This fear of being evil is just your brain protecting your heart.Brad Let's do the time warp again! They all say “oh that’s how they are” and move on. I have met some crappy people who have done some crappy things to me and others and no one even bats an eye. Fear of rejection and fear of vulnerability can really steal so much joy from a person. I have been trying but I think the solution really comes down to not caring what others think.
#EVIL INSIDE OF ME HOW TO#
I am not sure yet how to break these fears. the fact that we are sitting here worrying if we are bad is showing that we’re not and our hearts are big and we have a lot of love to give. Which clearly we have experienced many many times. All of this comes from a fear of rejection though. I am afraid to look people in the eye out of fear they might see who I am. I have felt the same way around children too with the intrusive thoughts. I have noticed people tend to fade away after a certain amount of time so I have picked up on that and I tend to hold back in relationships now out of fear of being vulnerable and rejected again. It has caused me to hold people only for a short amount of time. If people have treated me so poorly that shows me that I don’t matter right? I must be bad. I have felt so alone in life for so long my brain believes that I am worthless. I have been treated poorly by people I thought I could trust even family that was supposed to love and support me. I just wanted to say this post made me cry because it explained exactly how I have felt since I was a teenager. Idk man I’m probably not making lots of sense today (just finished losing my shit a little bit) but I related to feeling inherently evil and I believe I might have some evidence it’s just not true anymore. It’s just a way I think we protect ourselves in our psyches when we experience or continue to seek out the experience of trauma. The intrusive thoughts aren’t a reflection of your self or like confirmation of your evil. That allows the anxiety spirals to start in the first place, and they get really out of hand with the shame and guilt complex. I believed I deserved it because I’m evil.
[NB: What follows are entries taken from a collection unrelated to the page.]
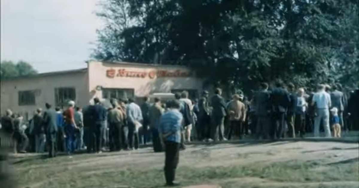 Очередь в вино-водочный магазин (фрагмент фильма 00:59:30 - 01:04:00). Сейчас это здание занимает магазин «Пятёрочка».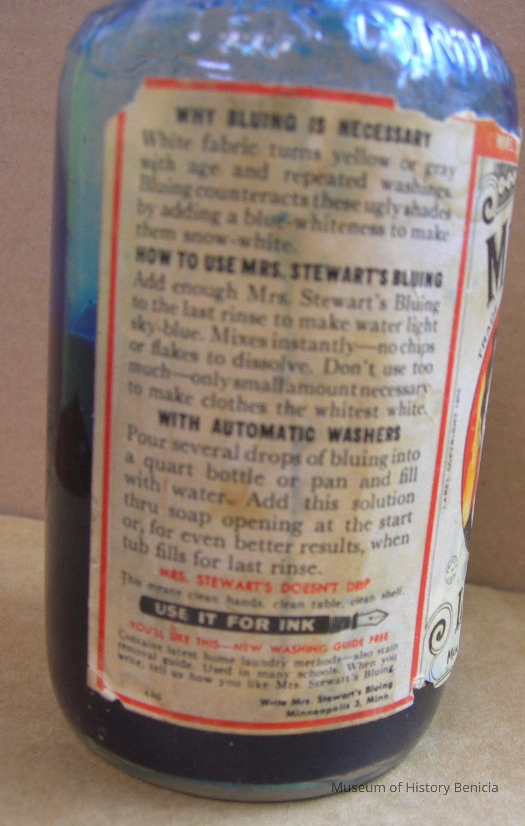 Information on the label includes: Why bluing is necessary; How to use Mrs. Stewart's Bluing; With Automatic Washers; "Use it for Ink"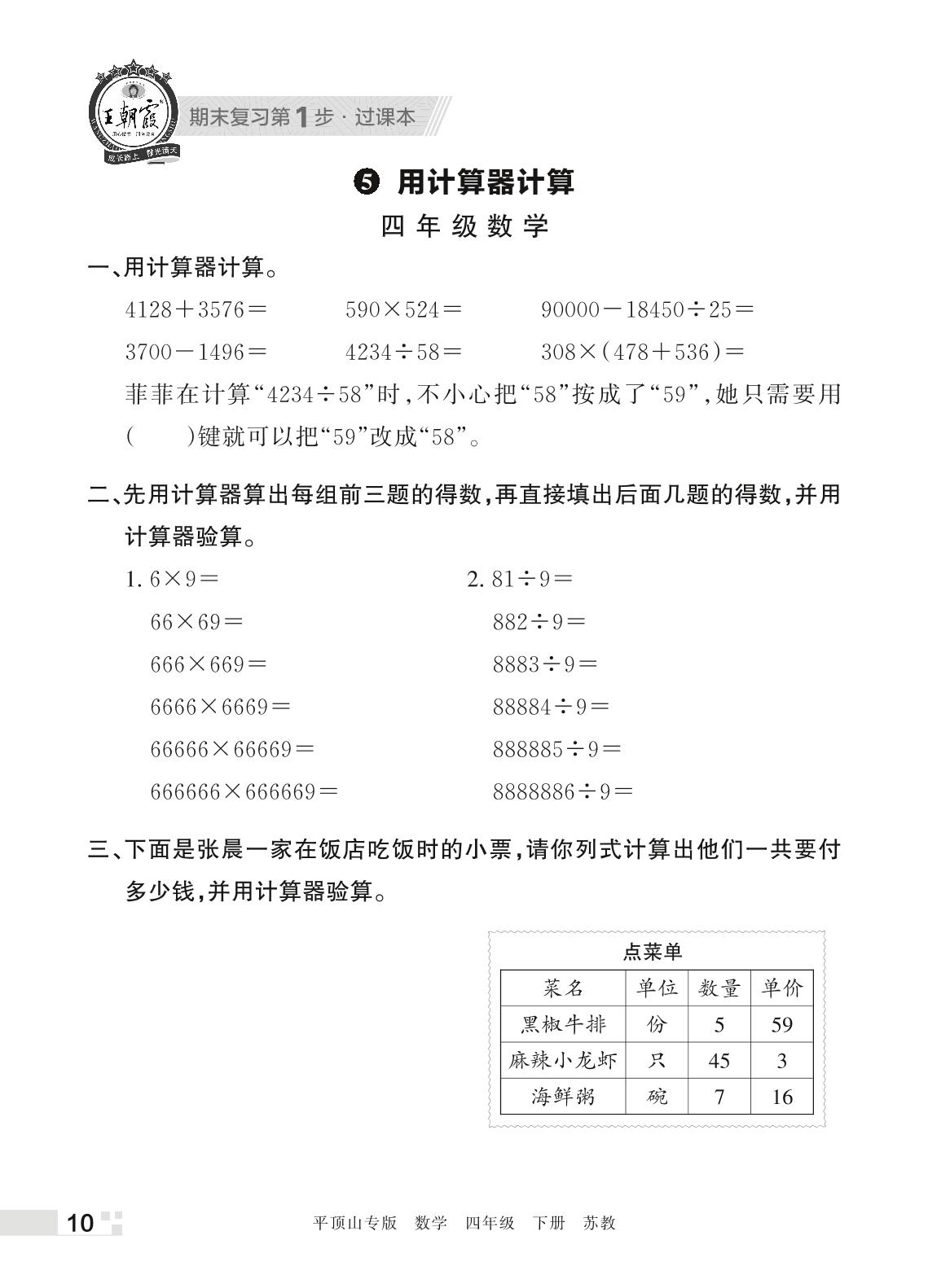 王朝霞期末过课本——5 用计算器计算四年级下册数学(苏教版)_R220408101742402

Sometimes they are and being there with them getting fucked with validates the idea that this is what the world is like: hostile. I’m just walking around like a scared animal all the time assuming everyone is fucking with me. Getting treatment and not getting treatment were both choices with consequences and one of them caused harm (like, social harm using chronic oversharing) to myself and others as a consequence for lots of years, but I’m not like, bad. I’m trying to hold onto the feeling, it feels like one of those flame-of-truth moments. I make choices that are often reactionary consequences of my untreated mental illness. But I think that idea that there is evil within me is wrong. I had this feeling this morning about how I believe I’m evil for everything I’ve done so I’m doomed to be evil forever.

I’m so tired of feeling this way, it happens multiple times a day and I feel hopeless and haven’t moved in months. It’s like people buried their violence in me when they were abusing me and I was a sponge and just absorbed it all. I know I’m not these things and I’m a very gentle and kind person but I get overwhelmed with feelings of being wrong and malevolent and twisted that it causes me to want to die.

I wouldn’t hurt anyone but every time I’m around people I care about I can’t stop thinking about how they’re going to find out I’m evil and trying to hurt them when I have no intentions of doing so. If I’m around kids, my brain tells me that everyone in the room thinks I’m going to hurt them.
#EVIL INSIDE OF ME SERIAL#
I wouldn’t ever want to hurt anyone but sometimes my brain convinces me that I’m actually a manipulative serial killer. I’ve never physically hurt someone or wanted to hurt someone my whole life but I’m convinced that I’m for some reason capable of harm. I know this is a common symptom but I feel like my fears of being evil and bad and malevolent have gotten out of hand and I’m only becoming increasingly aware of them.